If you are interested in the mathematical details, proceed with this section. The section provides a mathematical reason for the lower bound of $A$ and the admissible range of $\rho$.

We have

\[A = \frac{1}{B} + \left(1-\frac{1}{B} \right) \rho\]

We saw the upper bound for $A$, which is, $A \leq 1$. But what if $A$ is negative? For example, if $B=10$ and $\rho=-1$, then $A = \frac{1}{10} + \left(1-\frac{1}{10} \right) (-1) = -\frac{8}{10}$. In that case, the variance of the ensemble is negative, which is not possible. So, where is the catch? What ensures that $A \geq 0$?

The resolution is that not every value of $\rho \in [−1,1]$ is actually possible when we have $B$ identically distributed random variables with the same pairwise correlation.

We know that the covariance matrix is always positive semidefinite. That is, it must have non-negative eigenvalues. The covariance matrix of the random variables $(z_1, \dots, z_B)$ is

\[\Sigma = \sigma^2 \begin{bmatrix} 1 & \rho & \dots & \rho \\ \rho & 1 & \dots & \rho \\ \vdots & \vdots & \vdots & \vdots \\ \rho & \rho & \dots & 1 \\ \end{bmatrix}\]

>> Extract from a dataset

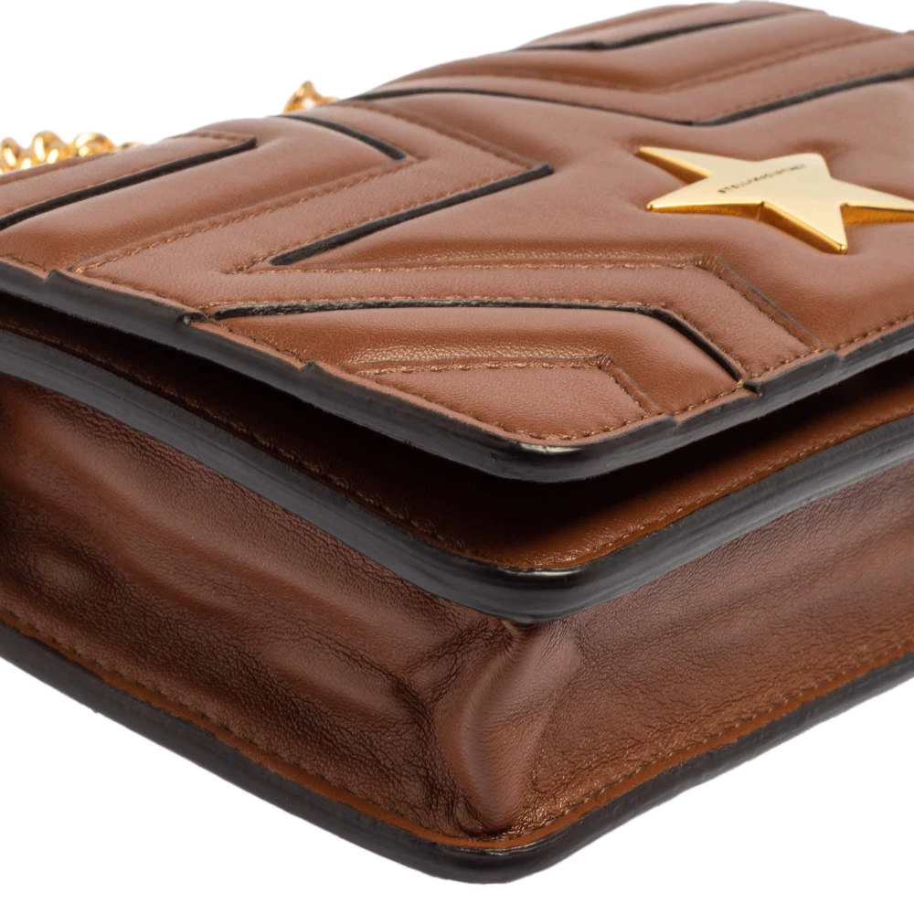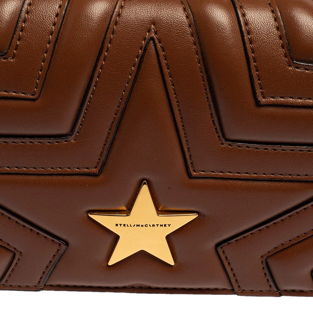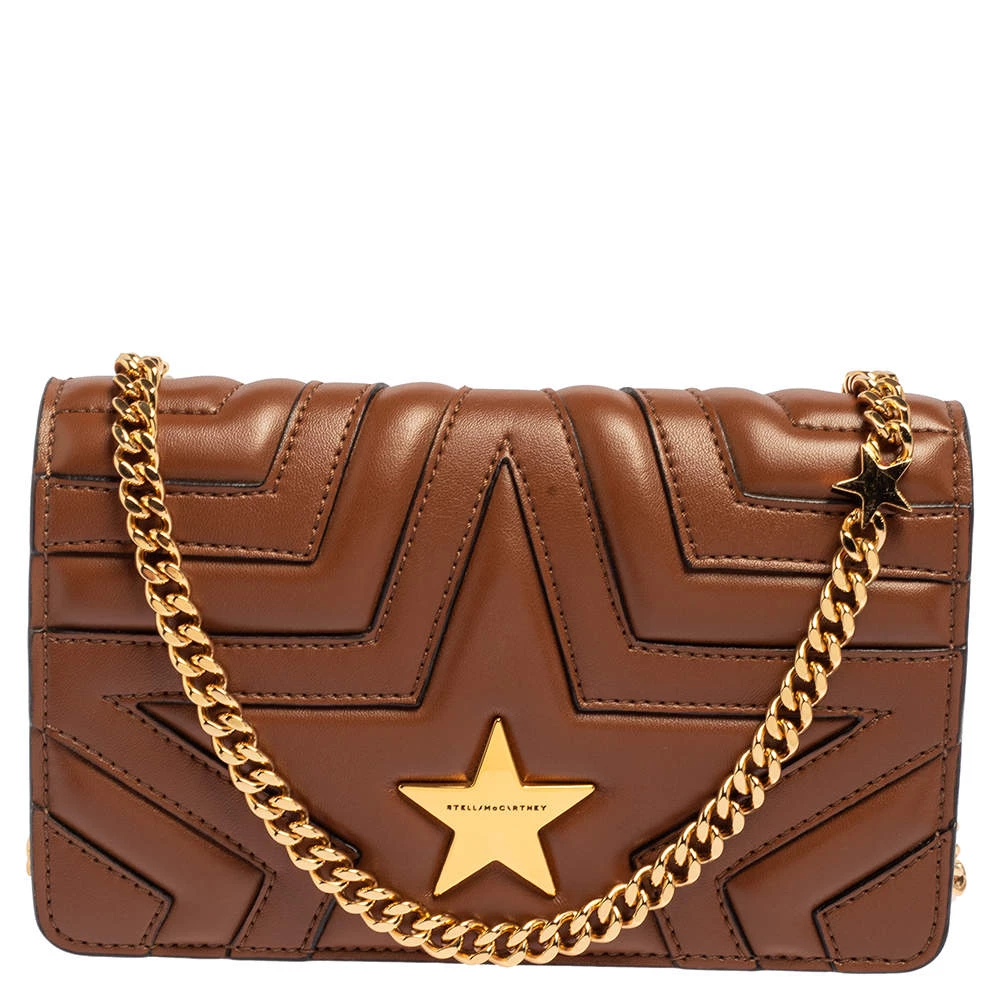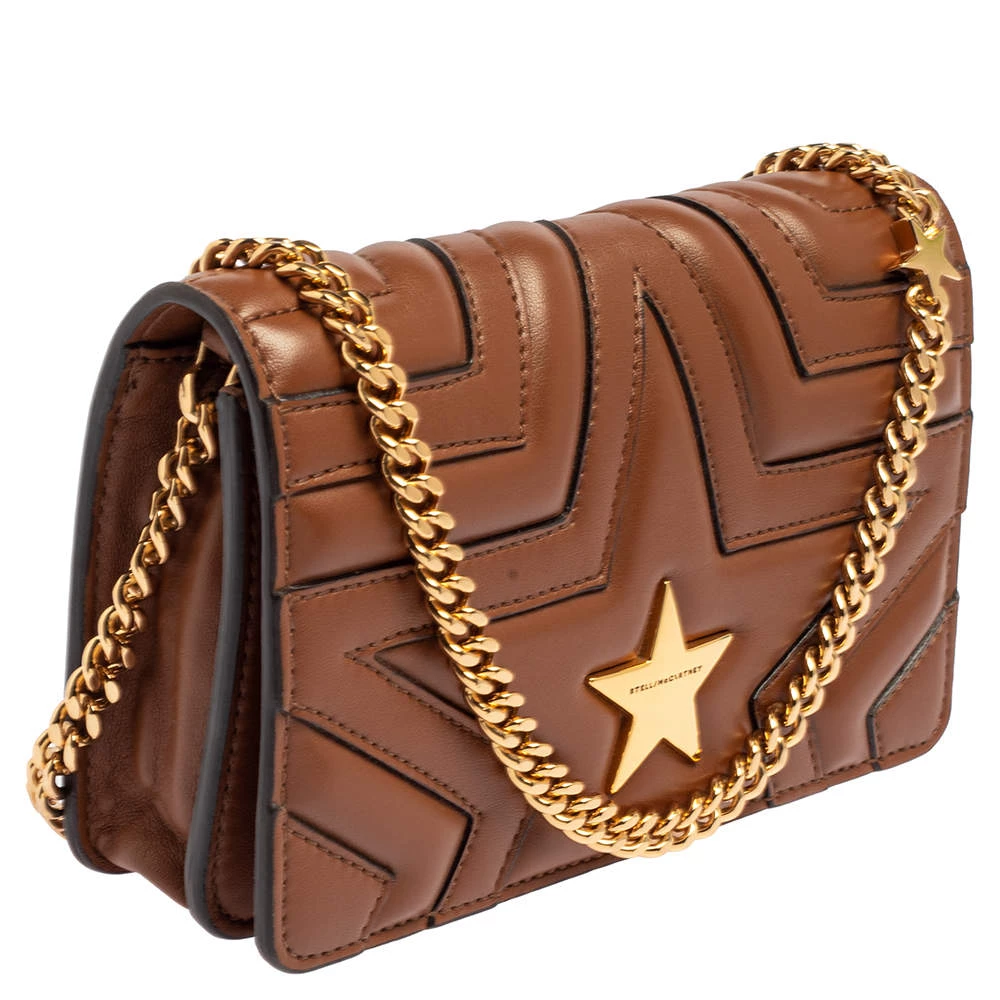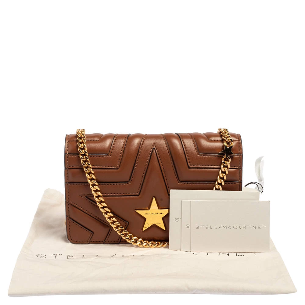 Make a wonderful appearance by adorning this plush bag by Stella McCartney. Crafted from faux leather, it comes in a lovely shade of brown. It features a quilted star pattern and the brand’s logo makes an appearance on a star-shaped emblem on the front flap. The Alcantara-lined interior is sized to house your essentials. The bag is complete with a gold-tone chain-link strap.

The eigenvalues of this matrix are $\sigma^2 (1-\rho)$ with multiplicity $(B-1)$ and $\sigma^2 (1 + (B-1)\rho)$ with multiplicity 1. Therefore, we must have

\[(1-\rho) \geq 0 \implies \rho \leq 1\]

and

\[\begin{align*} 1 + (B-1)\rho \geq 0 & \implies \rho \geq \frac{-1}{B-1} \\ \\ & \implies (B-1)\rho + 1\geq 0 \end{align*}\]

And we have

\[A = \frac{(B - 1)\rho + 1}{B}\]

The numerator term $(B-1)\rho + 1\geq 0$ implies that $A \geq 0$. And the true admissible range for $\rho$ is

\[\frac{-1}{B-1} \leq \rho \leq 1\]

References

Francis Bach. Learning Theory from First Principles. The MIT Press, 2024. ISBN 9780262049443.
Prathosh A. P. Classical Machine Learning (YouTube Playlist). YouTube.